--- WORK TO COMPLETE ---
Retype, word for word, the line holding "(인천=포커스뉴스) 제20대 총선에" and each line after it down to the end of the data; pictures are not copied.

Source data:
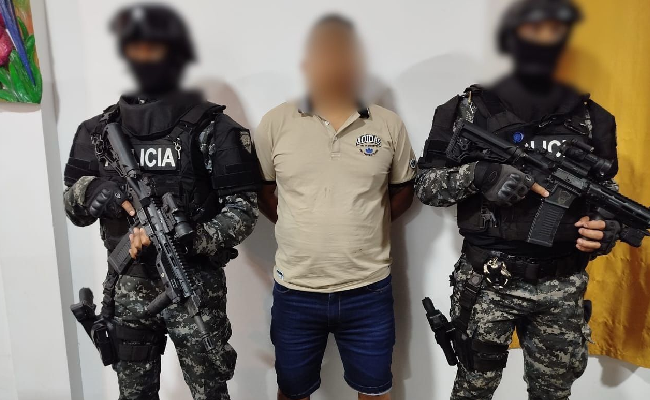 Según la exposición fiscal, el sospechoso fue aprehendido el 15 de marzo de 2025, en La Joya de los Sachas (Orellana). A través de información reservada, la Policía conoció que el grupo organizado “Los Choneros – Fatales”, dedicado a diversas actividades delictivas, operaba en esa provincia bajo el liderazgo de alias “Topo”.
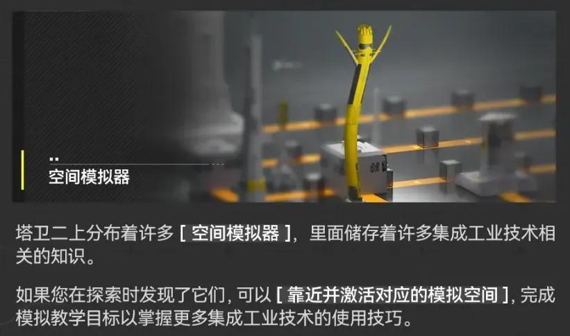 而探索又會反過來強化基建。基礎工業點數的獲取和地圖探索相關聯,作爲鼓勵探索的玩法內容之一,獲取點數後解鎖的空間模擬器同時也是基建教學——玩家需要在地圖上找到它們,並通過對應的模擬關卡。一位基建苦手的葡萄君,說這大幅降低了他的學習門檻。
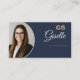 Navy Blue Gold Photo Monogram Luxury Realtor Business Card
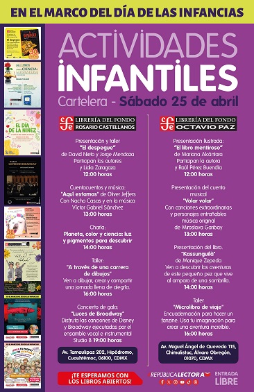 Acompáñanos este sábado 25 de abril; tendremos: cuentacuentos, talleres de dibujo, charlas de ciencia, música y presentaciones de libros en nuestras dos sedes:
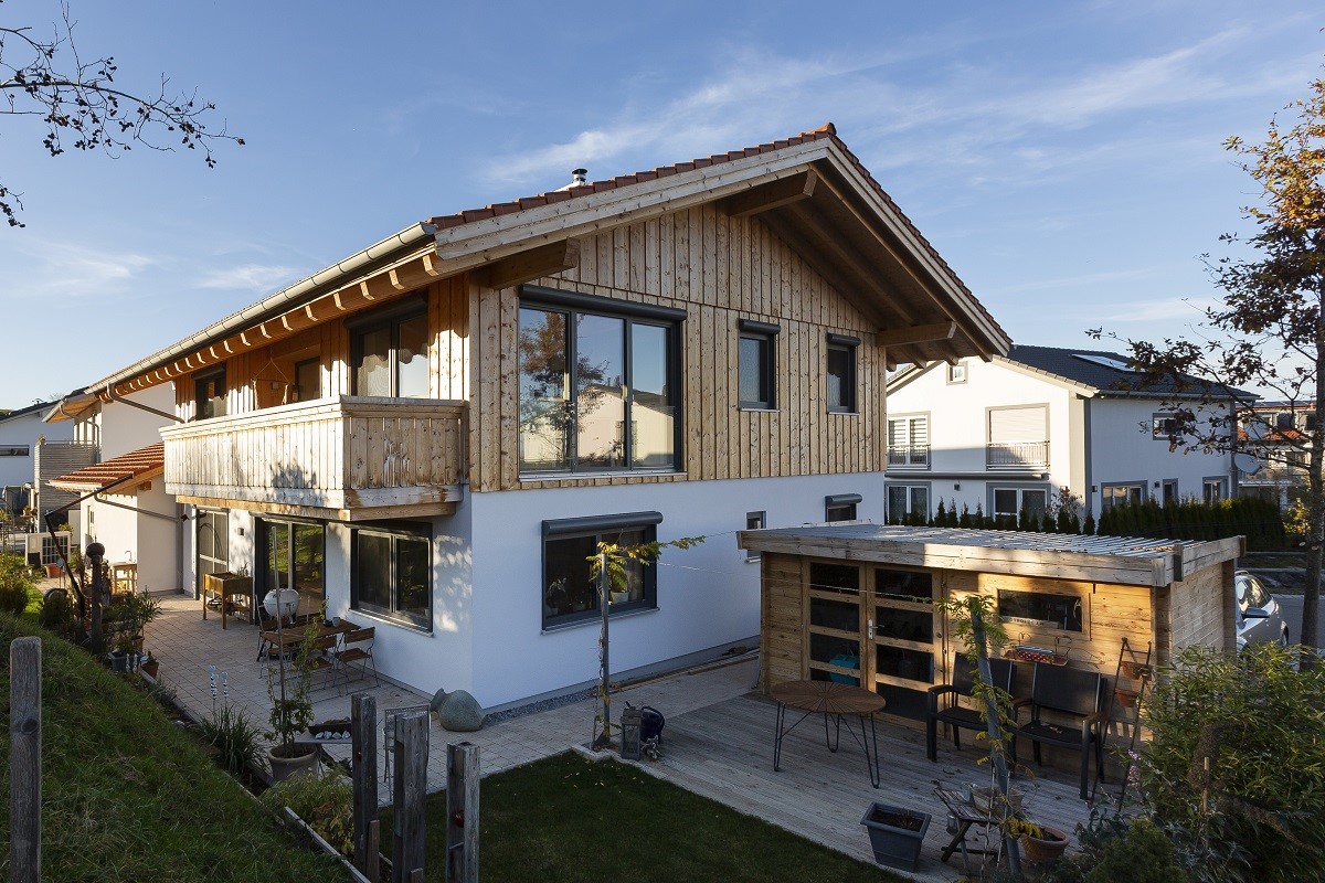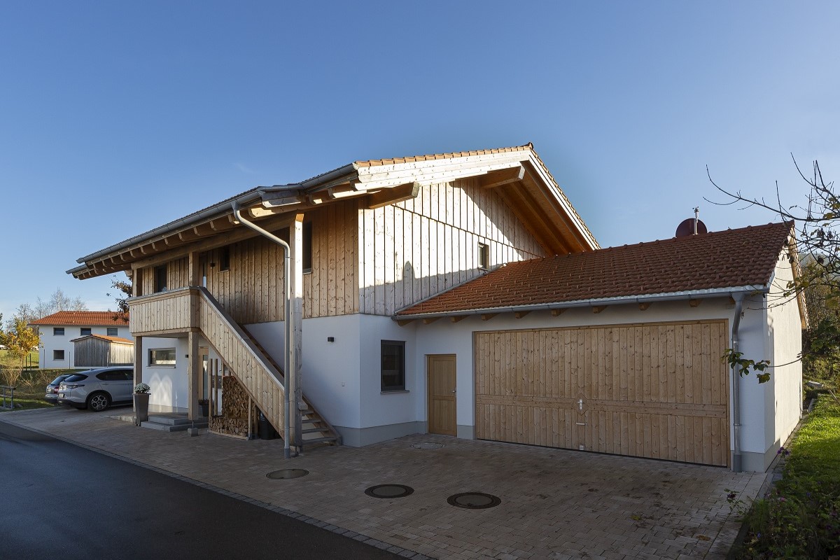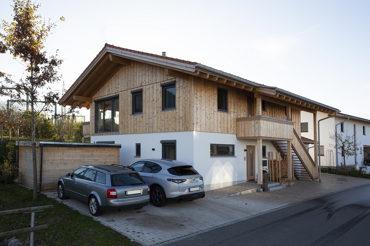 Effizienz, Stil und Naturverbundenheit vereint im schlüsselfertigen Zweifamilien-Holzhaus
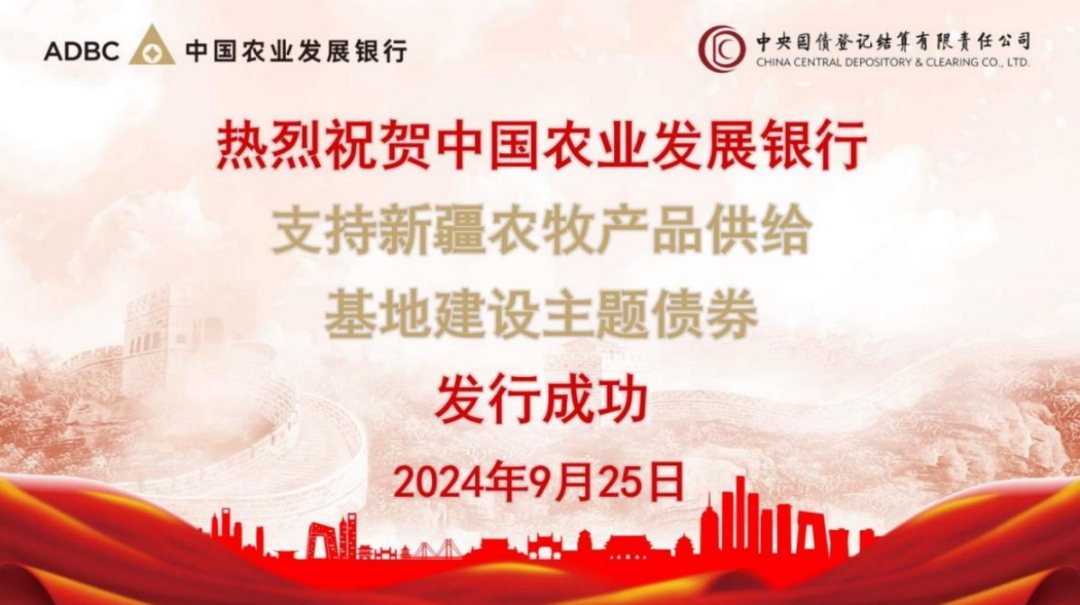 9月25日,中國(guó)農(nóng)業(yè)發(fā)展銀行在中央結(jié)算公司以公開(kāi)招標(biāo)方式,面向全球投資者成功發(fā)行1年期支持新疆農(nóng)牧產(chǎn)品供給基地建設(shè)主題債券110億元,發(fā)行利率1.4065%,認(rèn)購(gòu)倍率2.04倍,受到了九江銀行、光大銀行、北京銀行、寧波銀行、中信銀行等機(jī)構(gòu)的大力支持。該期債券募集資金主要用于支持新疆糧棉收購(gòu)、農(nóng)地、畜牧及重要農(nóng)產(chǎn)品等領(lǐng)域的貸款投放。
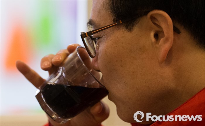 (인천=포커스뉴스) 제20대 총선에 출마한 윤형선 새누리당 계양을 후보가 6일 오후 인천 계양구 홈플러스 계산점에서 선거운동 중 음료수를 마시고 있다.
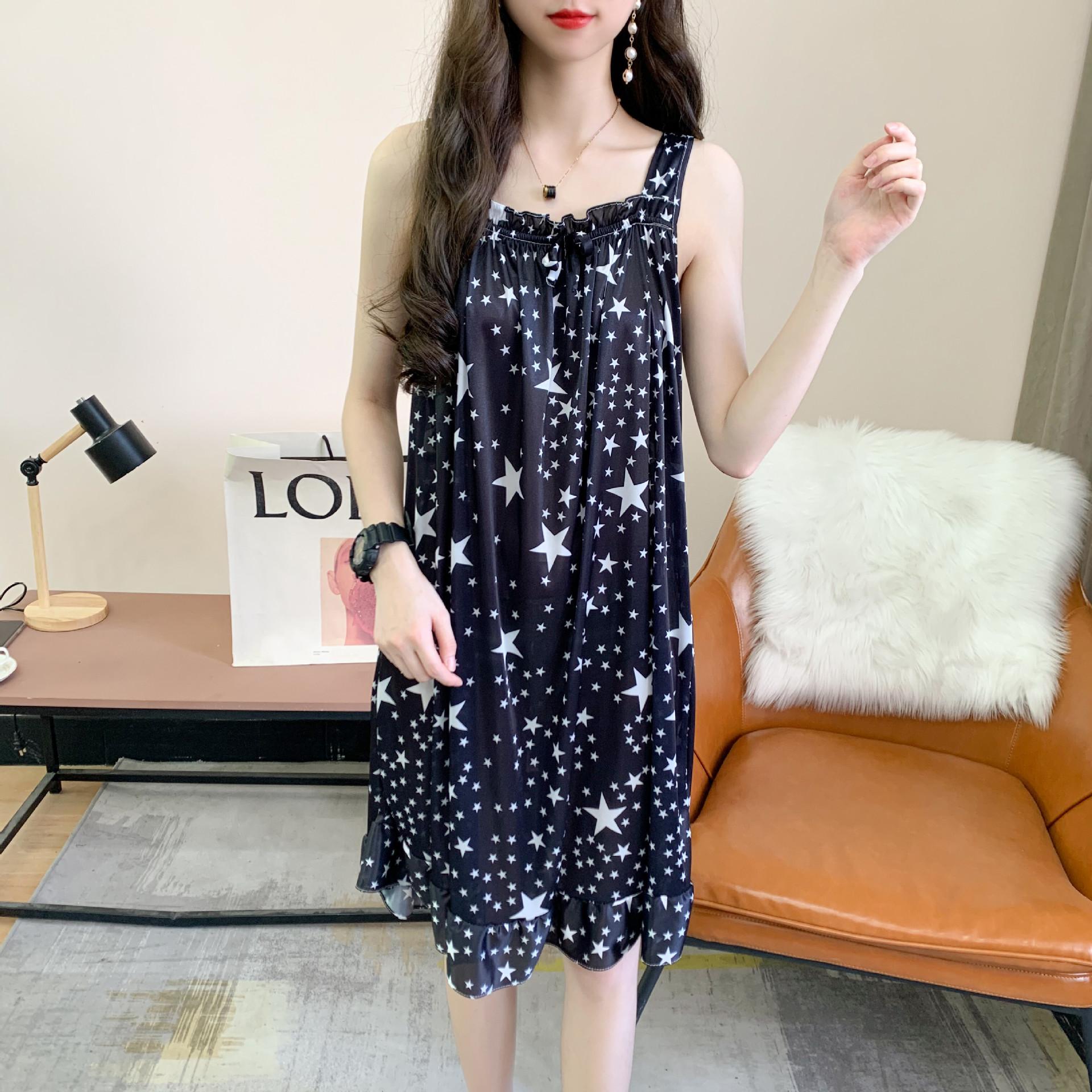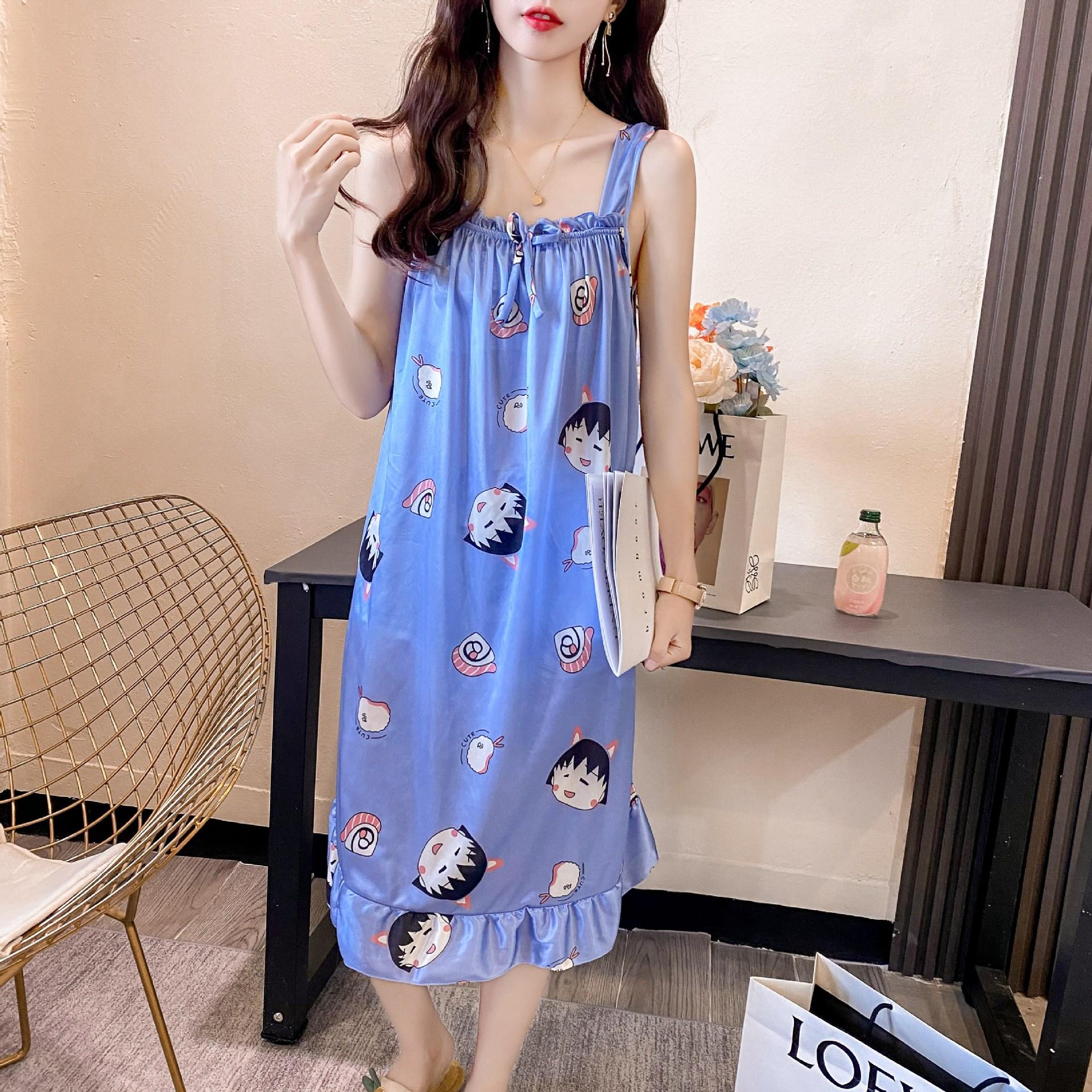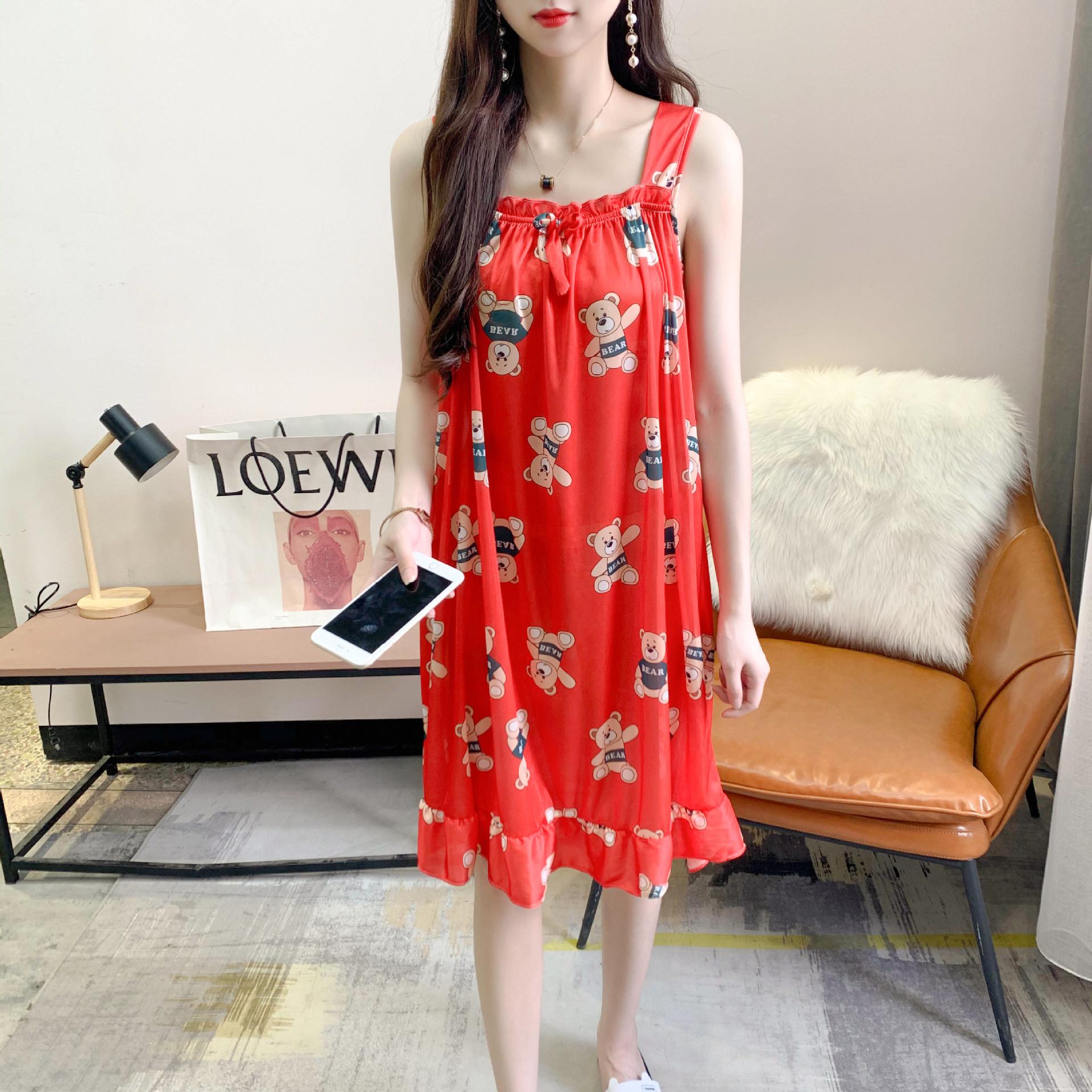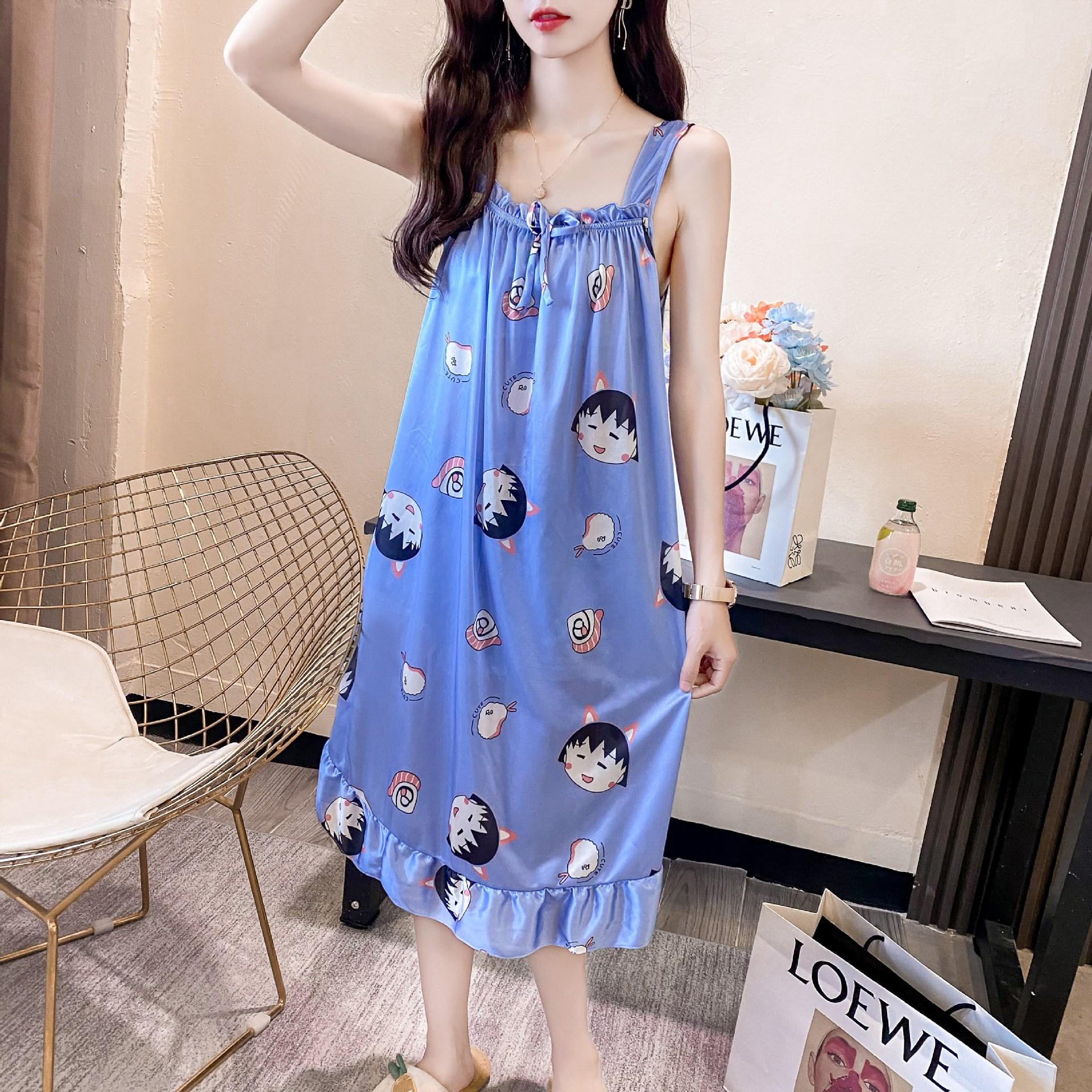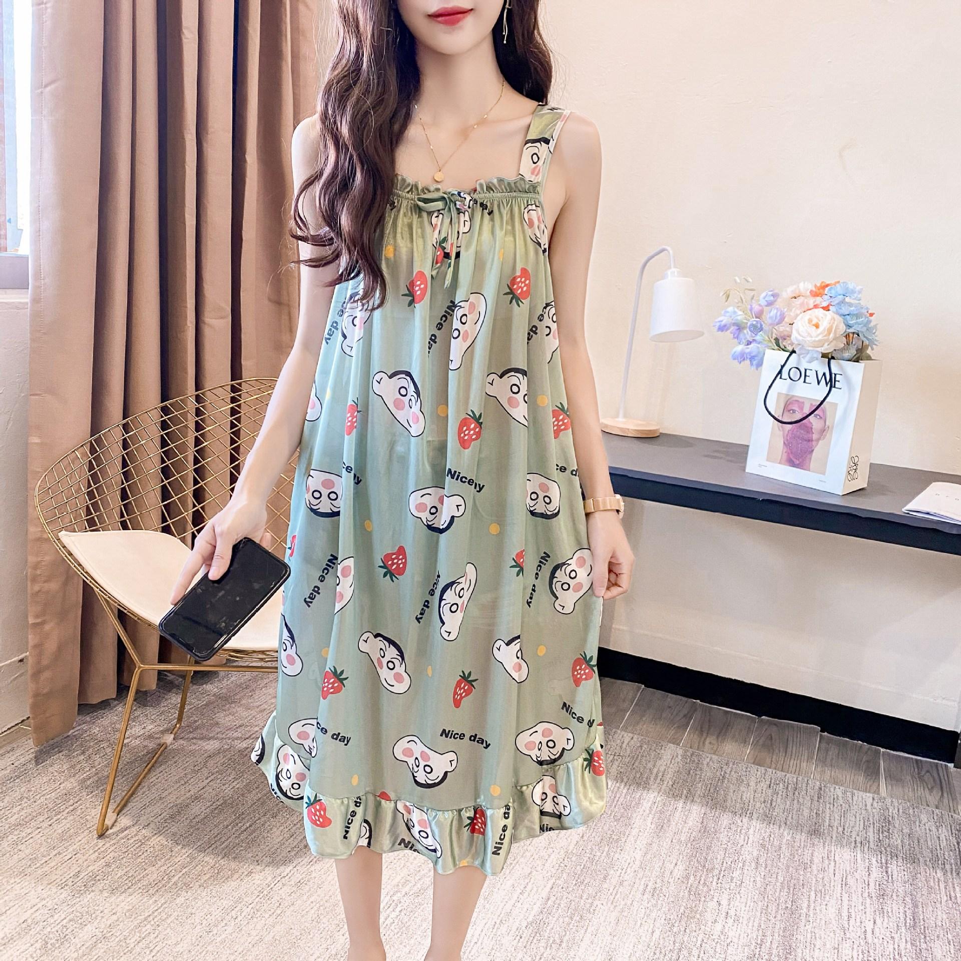 Camisola sem mangas com alças, pijama feminino de seda gelada de verão, sexy, estampado fino, moda solta, tamanho grande, roupas para casa, atacado

--- OUTPUT OF THE TASK ---
 (인천=포커스뉴스) 제20대 총선에 출마한 윤형선 새누리당 계양을 후보가 6일 오후 인천 계양구 홈플러스 계산점에서 선거운동 중 음료수를 마시고 있다.
 Camisola sem mangas com alças, pijama feminino de seda gelada de verão, sexy, estampado fino, moda solta, tamanho grande, roupas para casa, atacado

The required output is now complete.